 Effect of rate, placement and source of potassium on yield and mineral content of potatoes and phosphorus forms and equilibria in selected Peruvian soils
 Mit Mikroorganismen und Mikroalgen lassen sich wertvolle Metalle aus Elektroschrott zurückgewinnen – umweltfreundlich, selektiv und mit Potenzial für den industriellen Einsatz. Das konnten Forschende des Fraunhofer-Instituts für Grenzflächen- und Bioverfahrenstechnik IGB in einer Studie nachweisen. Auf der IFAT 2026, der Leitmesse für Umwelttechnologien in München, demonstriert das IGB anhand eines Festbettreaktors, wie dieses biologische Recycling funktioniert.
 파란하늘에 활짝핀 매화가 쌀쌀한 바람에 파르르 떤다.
.....
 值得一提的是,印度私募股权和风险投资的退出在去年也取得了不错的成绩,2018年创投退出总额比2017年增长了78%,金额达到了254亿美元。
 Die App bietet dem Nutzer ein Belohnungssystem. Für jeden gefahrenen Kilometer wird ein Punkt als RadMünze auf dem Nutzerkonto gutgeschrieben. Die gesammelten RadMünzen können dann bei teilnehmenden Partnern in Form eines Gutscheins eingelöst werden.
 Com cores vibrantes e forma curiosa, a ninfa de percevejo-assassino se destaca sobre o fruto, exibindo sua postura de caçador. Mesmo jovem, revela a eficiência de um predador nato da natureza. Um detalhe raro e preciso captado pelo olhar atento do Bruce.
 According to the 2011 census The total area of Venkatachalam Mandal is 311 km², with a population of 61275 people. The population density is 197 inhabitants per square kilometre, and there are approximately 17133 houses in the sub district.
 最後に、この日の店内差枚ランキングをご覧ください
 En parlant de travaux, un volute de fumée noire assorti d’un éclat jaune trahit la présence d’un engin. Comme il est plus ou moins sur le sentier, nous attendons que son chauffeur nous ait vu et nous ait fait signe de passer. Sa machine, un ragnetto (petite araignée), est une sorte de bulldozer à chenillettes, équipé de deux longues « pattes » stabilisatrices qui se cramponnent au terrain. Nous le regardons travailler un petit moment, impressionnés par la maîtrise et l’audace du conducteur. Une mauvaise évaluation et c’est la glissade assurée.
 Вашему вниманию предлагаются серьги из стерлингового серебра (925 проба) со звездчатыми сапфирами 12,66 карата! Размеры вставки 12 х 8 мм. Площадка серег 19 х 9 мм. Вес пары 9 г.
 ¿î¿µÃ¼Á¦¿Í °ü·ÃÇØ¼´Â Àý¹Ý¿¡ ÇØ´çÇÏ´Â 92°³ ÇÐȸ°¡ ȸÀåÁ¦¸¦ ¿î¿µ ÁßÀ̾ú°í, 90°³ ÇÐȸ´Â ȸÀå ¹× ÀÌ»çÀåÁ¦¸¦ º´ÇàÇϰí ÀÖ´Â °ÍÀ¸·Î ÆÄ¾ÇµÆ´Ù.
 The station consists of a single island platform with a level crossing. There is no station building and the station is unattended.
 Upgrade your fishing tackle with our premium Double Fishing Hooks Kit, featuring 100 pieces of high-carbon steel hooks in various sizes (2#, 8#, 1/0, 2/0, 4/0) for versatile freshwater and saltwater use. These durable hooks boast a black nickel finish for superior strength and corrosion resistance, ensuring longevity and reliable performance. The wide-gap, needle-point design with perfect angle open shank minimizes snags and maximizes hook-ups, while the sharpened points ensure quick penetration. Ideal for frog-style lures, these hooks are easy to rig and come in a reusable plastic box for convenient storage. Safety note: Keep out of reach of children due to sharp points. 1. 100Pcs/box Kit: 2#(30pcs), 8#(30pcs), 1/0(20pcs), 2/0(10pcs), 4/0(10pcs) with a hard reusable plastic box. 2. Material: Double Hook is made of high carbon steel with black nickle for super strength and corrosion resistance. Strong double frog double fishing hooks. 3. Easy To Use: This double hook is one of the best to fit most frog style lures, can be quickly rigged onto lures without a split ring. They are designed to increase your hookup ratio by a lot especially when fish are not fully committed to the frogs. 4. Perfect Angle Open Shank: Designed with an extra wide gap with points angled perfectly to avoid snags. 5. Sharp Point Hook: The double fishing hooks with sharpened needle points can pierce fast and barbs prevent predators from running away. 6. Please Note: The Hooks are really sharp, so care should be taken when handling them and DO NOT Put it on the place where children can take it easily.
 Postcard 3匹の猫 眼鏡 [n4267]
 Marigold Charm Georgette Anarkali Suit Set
.....
• _WHAT IS EXPECTED_
The entries above hold the needed span. Transcribe exactly the lines from the one with "Effect of rate, placement" to the one with "파란하늘에 활짝핀 매화가 쌀쌀한 바람에 파르르 떤다.", both included.

• _ANSWER_
 Effect of rate, placement and source of potassium on yield and mineral content of potatoes and phosphorus forms and equilibria in selected Peruvian soils
 Mit Mikroorganismen und Mikroalgen lassen sich wertvolle Metalle aus Elektroschrott zurückgewinnen – umweltfreundlich, selektiv und mit Potenzial für den industriellen Einsatz. Das konnten Forschende des Fraunhofer-Instituts für Grenzflächen- und Bioverfahrenstechnik IGB in einer Studie nachweisen. Auf der IFAT 2026, der Leitmesse für Umwelttechnologien in München, demonstriert das IGB anhand eines Festbettreaktors, wie dieses biologische Recycling funktioniert.
 파란하늘에 활짝핀 매화가 쌀쌀한 바람에 파르르 떤다.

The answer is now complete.